= Étienne Péclard =

French cellist (born 1946)

Étienne Péclard (born 21 December 1946 in les Deux-Sèvres) is a contemporary French cellist.

== Biography ==
Péclard studied at the Conservatoire de Paris with André Navarra, Joseph Calvet, Jacques Février and Jean Hubeau. There he obtained the First prizes of cello and chamber music.

The winner of the international competitions of Vienna, Munich and Barcelona, from 1977 to 1990, Péclard was solo cellist of the Orchestre philharmonique de Radio France, then of the Orchestre de Paris, under the direction of Daniel Barenboim. Named solo cellist of the Orchestre National Bordeaux Aquitaine (ONBA) in 1990, he taught at the Conservatoire de Bordeaux and joined Roland Daugareil and Tasso Adamopoulos in order to form the Sartory Trio. He is also a member of the String quartet of the ONBA.

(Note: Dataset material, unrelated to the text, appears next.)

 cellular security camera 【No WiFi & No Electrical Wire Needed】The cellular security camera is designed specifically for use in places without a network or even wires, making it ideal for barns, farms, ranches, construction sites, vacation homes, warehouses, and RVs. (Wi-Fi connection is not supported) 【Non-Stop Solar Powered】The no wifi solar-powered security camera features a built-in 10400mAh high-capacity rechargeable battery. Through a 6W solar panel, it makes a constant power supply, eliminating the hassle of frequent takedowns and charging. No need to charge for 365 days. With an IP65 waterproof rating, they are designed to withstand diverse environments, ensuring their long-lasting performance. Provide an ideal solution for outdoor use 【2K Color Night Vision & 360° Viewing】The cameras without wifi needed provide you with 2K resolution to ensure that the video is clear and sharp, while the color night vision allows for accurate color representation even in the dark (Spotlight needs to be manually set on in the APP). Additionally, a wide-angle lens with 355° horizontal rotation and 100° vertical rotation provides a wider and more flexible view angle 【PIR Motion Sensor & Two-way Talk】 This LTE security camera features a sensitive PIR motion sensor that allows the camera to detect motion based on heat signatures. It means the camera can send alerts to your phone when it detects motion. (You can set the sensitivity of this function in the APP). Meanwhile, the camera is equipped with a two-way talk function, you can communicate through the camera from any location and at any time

With the ONBA, directed by Alain Lombard, Étienne Péclard recorded the double concerto by Johannes Brahms, the Symphonie-concerto, Op. 125 by Sergueï Prokofiev and Schelomo by Ernest Bloch; in 1999, he obtained a great success with his interpretation of Tout un monde lointain... by Henri Dutilleux, directed by Hans Graf. In November 2003, he performed the concerto by Saint-Saëns under the baton of his friend Frédéric Lodéon. In June 2005 he met again his accomplice Tasso Adamopoulos for Don Quichotte, Symphonic poem by Richard Strauss, with the ONBA directed by Armin Jordan.